OVERKILL, MORTAL SIN, DRONE - Hamburg, Markthalle - (19.03.2008)
Schon im Eingangsbereich traute ich meinen Augen nicht – hatten wir wieder das Jahr 1986? Langhaarige Kuttenträger mit 80er Frisur, weißen Turnschuhen und viel zu engen Jeans quatschten biertrinkend mit ihren Kumpels, wobei die Kutten Bands und Patches beinhalteten, die heutzutage nur noch beinharte Mittdreißiger kennen, obwohl die Träger der Kutten oft kaum älter wie 20 Jahre alt waren.

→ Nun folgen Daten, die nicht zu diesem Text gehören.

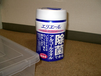 ウチでは菌糸を詰めるために菌糸ビンを消毒するという作業はありません。菌糸ビン飼育をするような主がほとんどいませんので。ただ、マット換えの時には必ずケースを除菌してからマットを詰めるようにしています。それに使っているのが、これです80枚入りで500円近くしますので、何でもかんでも拭けるというものではありません。でも、マット換えの時には必ずケースをこれで拭くんです。ノロウイルスも0-157も除菌できるんなら、ケースの雑菌は全部やっつけてくれるだろうという期待をしています。拭くだけで簡単に済ませてしまえるこれがお気に入りなんです(^-^)
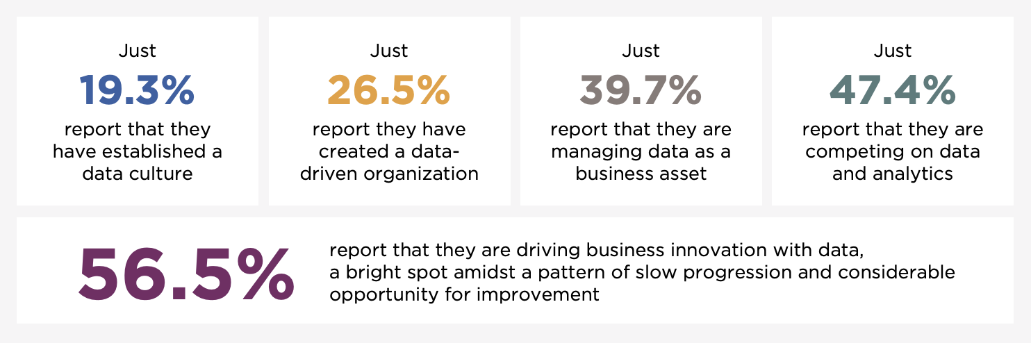 Perubahan tidak pernah datang dengan mudah untuk perusahaan mana pun, dan tingkat kesulitan diperbesar pada perusahaan yang cenderung memiliki rekam jejak kesuksesan di masa lalu, namun harus berkembang dan beradaptasi karena kondisi bisnis dan ekspektasi konsumen yang sudah bergeser. Studi ini sekali lagi mencerminkan bahwa tantangan budaya menjadi hambatan terbesar sebuah perusahaan untuk menjadi  data driven organization dalam survei yang dilakukan dalam waktu 4 tahun berturut-turut.

In diesem Umfeld hatten es die Opener DRONE aus den heimischen Gefilden schwer, wobei viele der genannten Spezies draußen blieben, da sie sich offensichtlich vorher über die Musik der Jungs aus Celle informiert hatten. Metalcore mit einigen Hardcore- Elementen plus vereinzelten modernen Thrash-Anleihen und dazu ganz viel Groove – das war der Sound, den sich DRONE verschrieben haben. Die Band war topmotiviert und war stets in Bewegung und am Headbangen. Vorgestellt wurden Songs des bereits über ein Jahr alten Albums „Head-On Collision“ und bei den etwas aufgeschlosseneren Anwesenden konnte die Band durch die entfesselte Energie auch punkten. Dennoch muss man sagen, dass die Jungs mit ihrer Musik nicht zum Rest des Billings passten.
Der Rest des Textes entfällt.